* Exercise materials *
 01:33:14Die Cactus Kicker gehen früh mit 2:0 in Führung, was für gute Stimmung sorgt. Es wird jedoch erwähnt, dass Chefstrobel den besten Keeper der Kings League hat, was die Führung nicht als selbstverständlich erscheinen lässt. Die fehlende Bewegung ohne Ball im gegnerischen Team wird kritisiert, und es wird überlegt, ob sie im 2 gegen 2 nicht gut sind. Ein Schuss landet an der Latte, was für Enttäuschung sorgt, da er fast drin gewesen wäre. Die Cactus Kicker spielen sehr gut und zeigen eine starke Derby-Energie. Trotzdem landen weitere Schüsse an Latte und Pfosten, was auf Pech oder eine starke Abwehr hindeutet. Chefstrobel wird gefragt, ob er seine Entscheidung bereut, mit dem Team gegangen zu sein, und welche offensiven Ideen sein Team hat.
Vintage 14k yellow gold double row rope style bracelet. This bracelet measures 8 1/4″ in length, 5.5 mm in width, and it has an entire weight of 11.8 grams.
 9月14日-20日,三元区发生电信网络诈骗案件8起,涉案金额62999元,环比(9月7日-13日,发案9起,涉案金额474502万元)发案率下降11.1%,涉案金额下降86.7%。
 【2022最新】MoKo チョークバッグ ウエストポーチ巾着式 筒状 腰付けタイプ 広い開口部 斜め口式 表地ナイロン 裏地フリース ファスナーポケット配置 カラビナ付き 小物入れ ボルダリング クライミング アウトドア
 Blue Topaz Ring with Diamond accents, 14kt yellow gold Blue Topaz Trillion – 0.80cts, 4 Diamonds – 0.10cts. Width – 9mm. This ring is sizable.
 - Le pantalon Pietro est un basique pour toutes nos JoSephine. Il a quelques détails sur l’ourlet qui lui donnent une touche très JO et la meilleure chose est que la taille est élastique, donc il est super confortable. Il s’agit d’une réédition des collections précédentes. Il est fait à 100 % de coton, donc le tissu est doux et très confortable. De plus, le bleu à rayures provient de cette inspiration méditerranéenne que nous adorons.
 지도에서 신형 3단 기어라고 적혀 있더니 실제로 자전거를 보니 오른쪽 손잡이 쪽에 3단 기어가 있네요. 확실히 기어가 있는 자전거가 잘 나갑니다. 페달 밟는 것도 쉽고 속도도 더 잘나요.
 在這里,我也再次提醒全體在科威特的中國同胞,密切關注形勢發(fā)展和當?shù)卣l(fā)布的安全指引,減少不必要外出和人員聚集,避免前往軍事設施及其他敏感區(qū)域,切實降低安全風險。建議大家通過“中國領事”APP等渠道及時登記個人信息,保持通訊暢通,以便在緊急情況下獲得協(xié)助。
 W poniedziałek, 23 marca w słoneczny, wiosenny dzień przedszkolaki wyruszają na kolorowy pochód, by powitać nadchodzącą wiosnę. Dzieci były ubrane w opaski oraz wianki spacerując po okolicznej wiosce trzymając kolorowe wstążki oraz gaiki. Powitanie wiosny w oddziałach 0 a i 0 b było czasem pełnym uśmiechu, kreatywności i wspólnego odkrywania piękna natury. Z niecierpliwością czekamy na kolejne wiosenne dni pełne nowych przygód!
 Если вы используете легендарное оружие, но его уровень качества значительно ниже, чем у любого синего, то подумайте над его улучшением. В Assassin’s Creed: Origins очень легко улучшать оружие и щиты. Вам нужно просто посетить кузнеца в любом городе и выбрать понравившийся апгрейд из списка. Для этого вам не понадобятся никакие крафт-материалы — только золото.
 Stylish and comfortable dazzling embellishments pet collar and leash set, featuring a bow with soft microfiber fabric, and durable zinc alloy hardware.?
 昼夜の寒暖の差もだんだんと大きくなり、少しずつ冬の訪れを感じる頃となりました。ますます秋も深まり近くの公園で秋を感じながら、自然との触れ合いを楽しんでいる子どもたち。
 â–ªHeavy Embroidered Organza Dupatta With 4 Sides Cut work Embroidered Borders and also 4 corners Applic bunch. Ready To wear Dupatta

* What the task asks *
Filter the entries above and return only the lines holding "yellow".

* Output below *
Vintage 14k yellow gold double row rope style bracelet. This bracelet measures 8 1/4″ in length, 5.5 mm in width, and it has an entire weight of 11.8 grams.
 Blue Topaz Ring with Diamond accents, 14kt yellow gold Blue Topaz Trillion – 0.80cts, 4 Diamonds – 0.10cts. Width – 9mm. This ring is sizable.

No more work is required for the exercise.